Was it worth this last hurrah.... 'he!! yes it was'...worth every second...worth the entire year.... 
His being livid...jealous?? ....angry that there was another man there with me... hm....why? He left me...he wanted out...he wanted to bail time and time again... and he was to 'demand' respect and felt disrespected cos john was there? Really? 
Or did he realize what he had...after a year... Or...'see' I have moved on and am strong and survived without him...
He didn't see the meek little woman I once was...teary eyed and missing him... or scared... he was expecting this...to 'get off on it'...as he used to when he made me miserable.... he wanted me to be hurt and alone...and sad.... 

But he didn't get that.... he got 'screwed'... and seen what/who I had become in the year... and that I have 'balls'.... and yes moved on... 

Yes...it was worth it... 

I'm divorced by the way...judge signed it on the spot...no waiting... 

Done.


----------



## Stella Moon (Nov 22, 2012)

As for john...he's still here...and doing stuff around here for me... 
as wonderful as he is.. 

I'm not ready... just not ready... I have to 'stay on my own' for a bit... 

he's a catch... he is... but 'i'm just not there'...


----------



## vi_bride04 (Mar 28, 2012)

So glad it's finally over, I've kept up with your thread for a long time. You sound so strong and confident...you definitely had the last laugh with that jerk. So cool you sold all his sh!t!!! Ha ha ha

Congrats


----------



## old timer (Nov 23, 2012)

Glad you got this part of it behind you. 

Now you can truly begin to move on. 

.
_Posted via Mobile Device_


----------



## 06Daddio08 (Jul 26, 2012)

Amazing stuff Stella! So happy for you!!!!


----------



## jmb123 (Nov 9, 2012)

So happy for you Stella!! Finally....Take Care


----------



## LongWalk (Apr 4, 2013)

Stella,

What your wrote about the D made all the hairs on my whole body stand up... ok not all of the hairs, but all the flight and flight folicles. Put a few packages of mouse poison in the container.

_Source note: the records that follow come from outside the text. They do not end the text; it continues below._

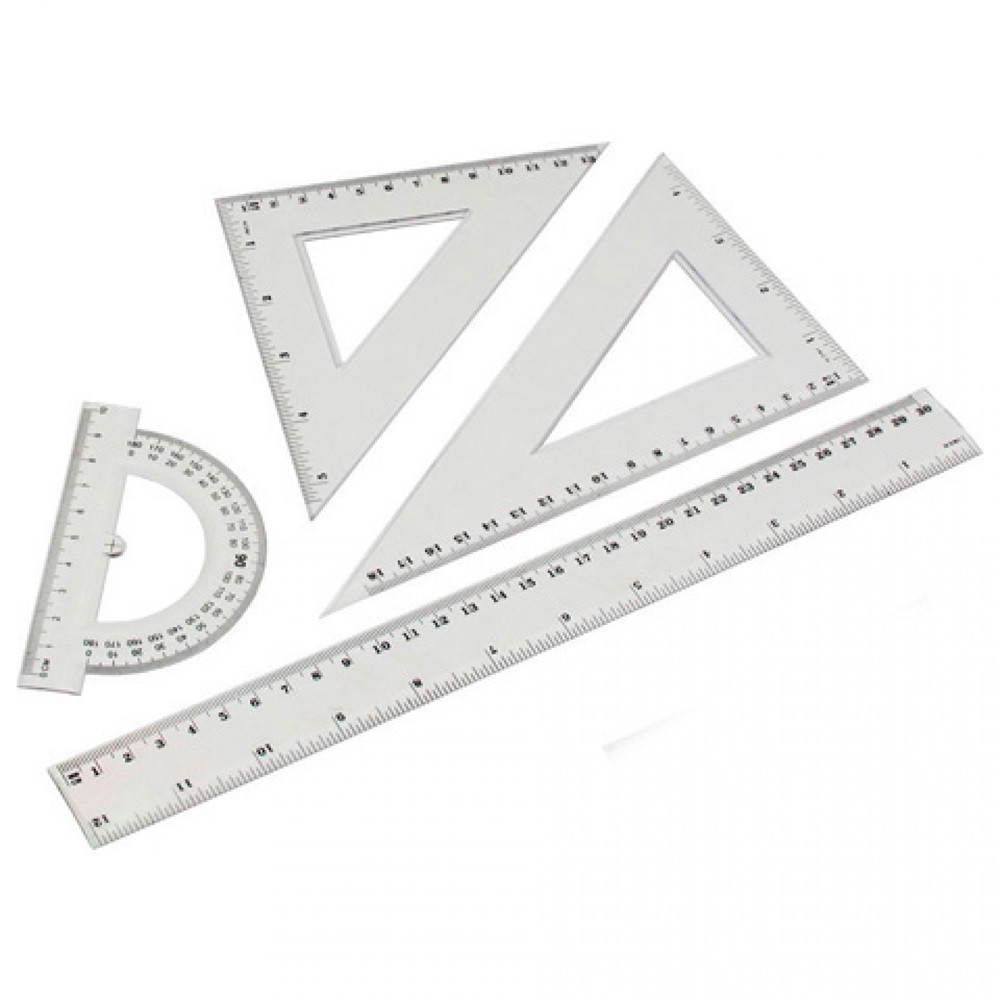 VONALZÓ KÉSZLET 4 DARABOS 30CM VONALZÓ, SZÖGMÉRŐ, 45 ÉS 60 FOKOS HÁROMSZÖG VONALZÓK
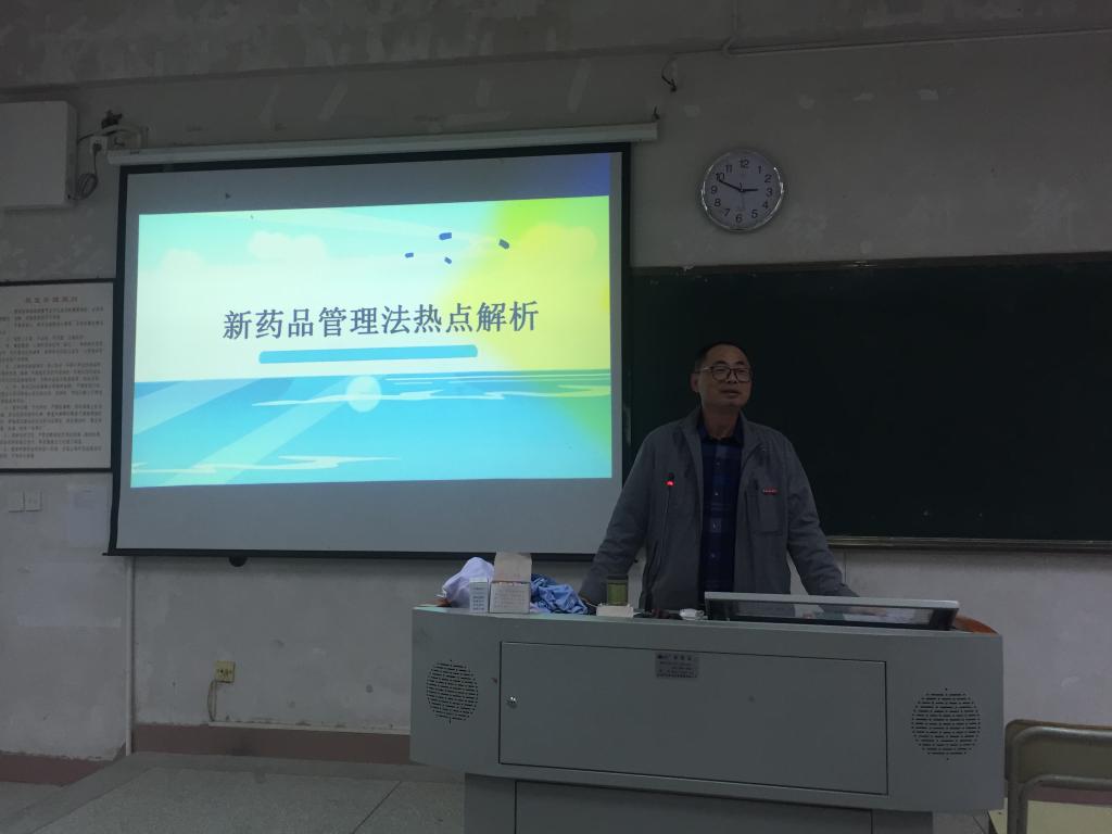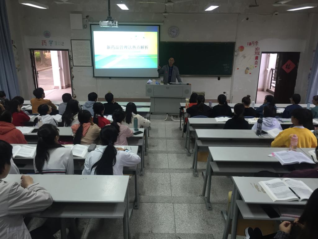 為加深同學(xué)們對(duì)當(dāng)前藥品市場(chǎng)新形勢(shì)的了解,進(jìn)一步掌握健康中國(guó)新理念,2019年11月22日,藥學(xué)系肖健副主任在藥一階為18藥學(xué)專(zhuān)業(yè)學(xué)生上主題為《新藥品管理法熱點(diǎn)解析》形勢(shì)與政策課。
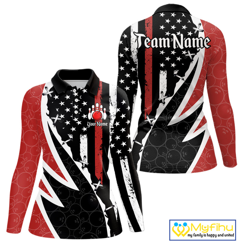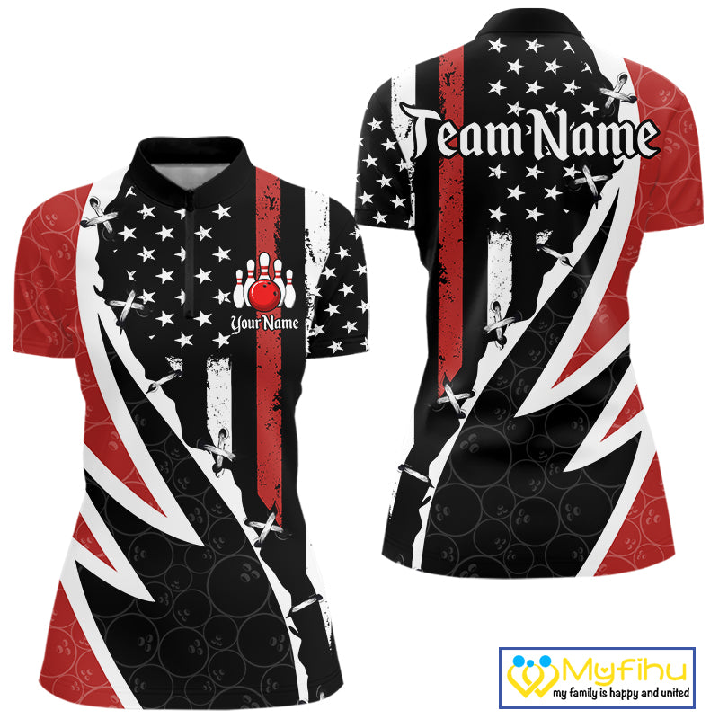 Red, White and Black American Flag Bowling Shirts for Women Custom Patriotic Team Bowling Jersey NQS10429
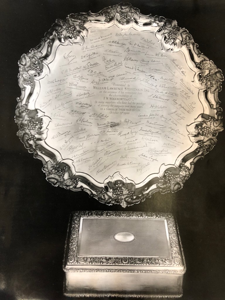 The wide range of commissions for silver that the firm undertook is illustrated by these two further examples – a large silver presentation salver, made as a gift to William Lawrence Stephenson Esq. on his retirement as chairman of F.W. Woolworth & Co. Ltd. in 1948.
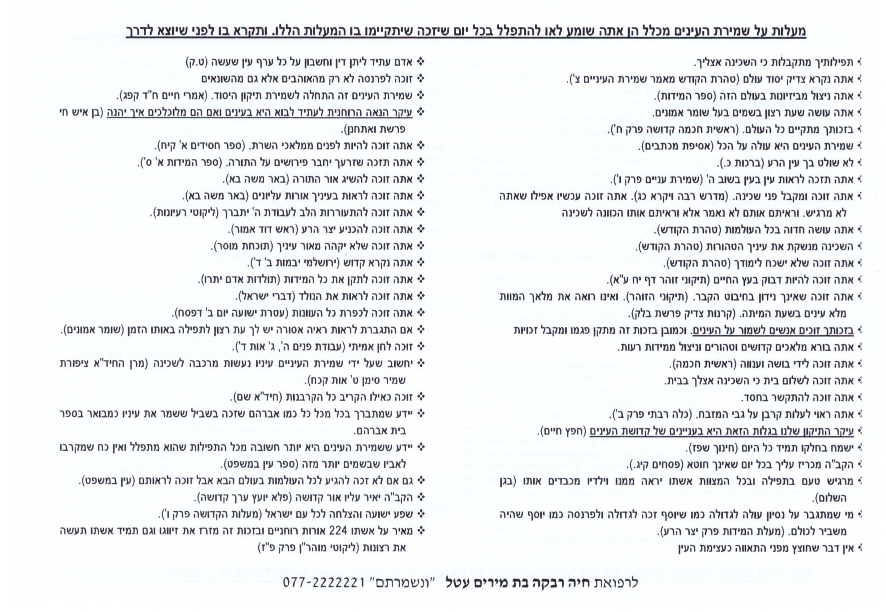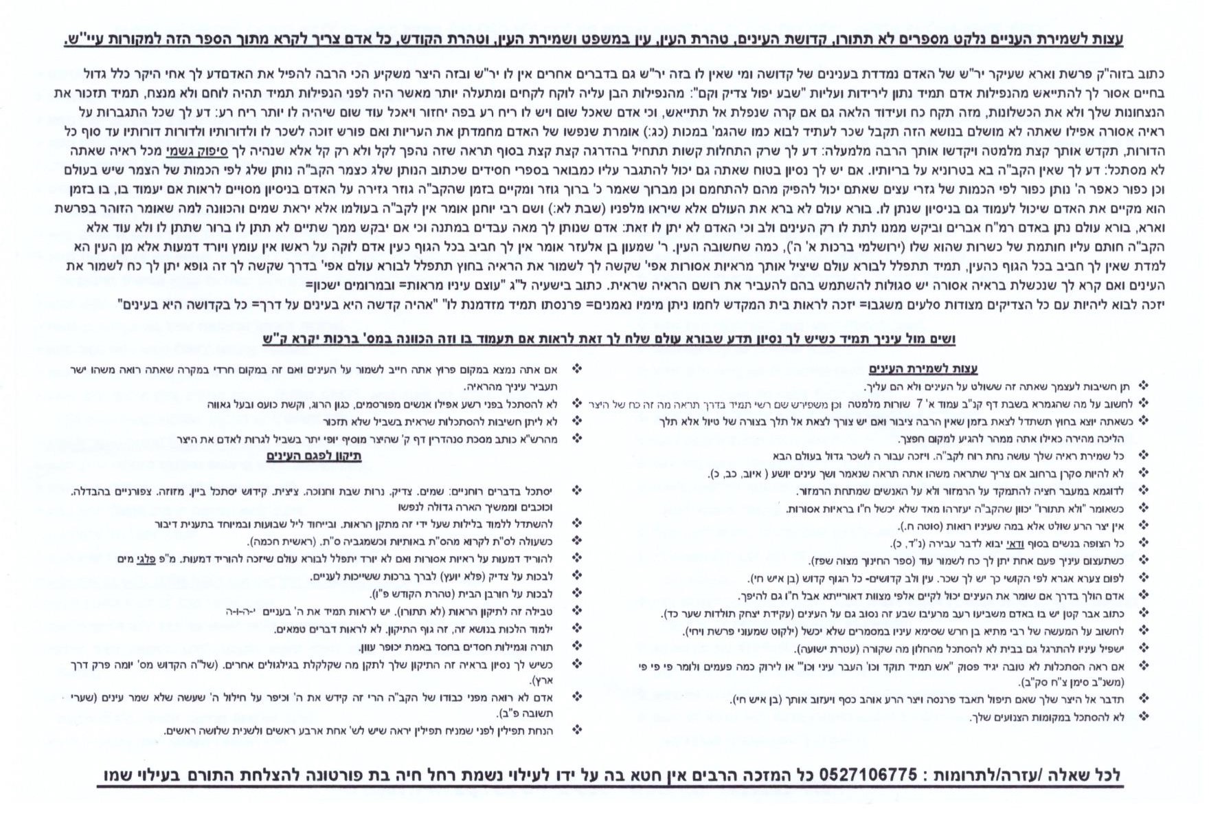 וגם לכל הבנים ששומרים עיניים תראו איזה זכות יש לכם ולמי שלא שומר, תקראו את זה אולי תבינו כמה שזה דבר גדול

What of his shxt was it most fun to sell?

It must have been great selling it for less than it was worth. You were a bıtch to him in the end and he deserved to feel your teeth. Put camera up at the storage place.


----------



## EleGirl (Dec 3, 2011)

You have done great.

Ex's reaction to John being there is down right funny. He deserved the misery he's put himself into.




Stella Moon said:


> As for john...he's still here...and doing stuff around here for me...
> as wonderful as he is..
> 
> I'm not ready... just not ready... I have to 'stay on my own' for a bit...
> ...


Just be on your own for a while and date. If you and John are meant to be, he will still be around when you are ready. If not there will be plenty of good guys to pick from.


----------



## Stella Moon (Nov 22, 2012)

LongWalk said:


> Stella,
> 
> What your wrote about the D made all the hairs on my whole body stand up... ok not all of the hairs, but all the flight and flight folicles. Put a few packages of mouse poison in the container.
> 
> ...


The brand new ice ogre he got from his parents....:FIREdevil:


----------



## Stella Moon (Nov 22, 2012)

EleGirl said:


> You have done great.
> 
> Ex's reaction to John being there is down right funny. He deserved the misery he's put himself into.
> 
> ...



So john and I talked...and I told him I wanted this 'slow'....and he was cool about it. Then I raped him...and now I can't keep my hands off of him. 
Took him to WI he met my best friend...she thinks he's great  then my son met him when we got back so that was cool. Everyone digs him. He's done so much around the lake house. 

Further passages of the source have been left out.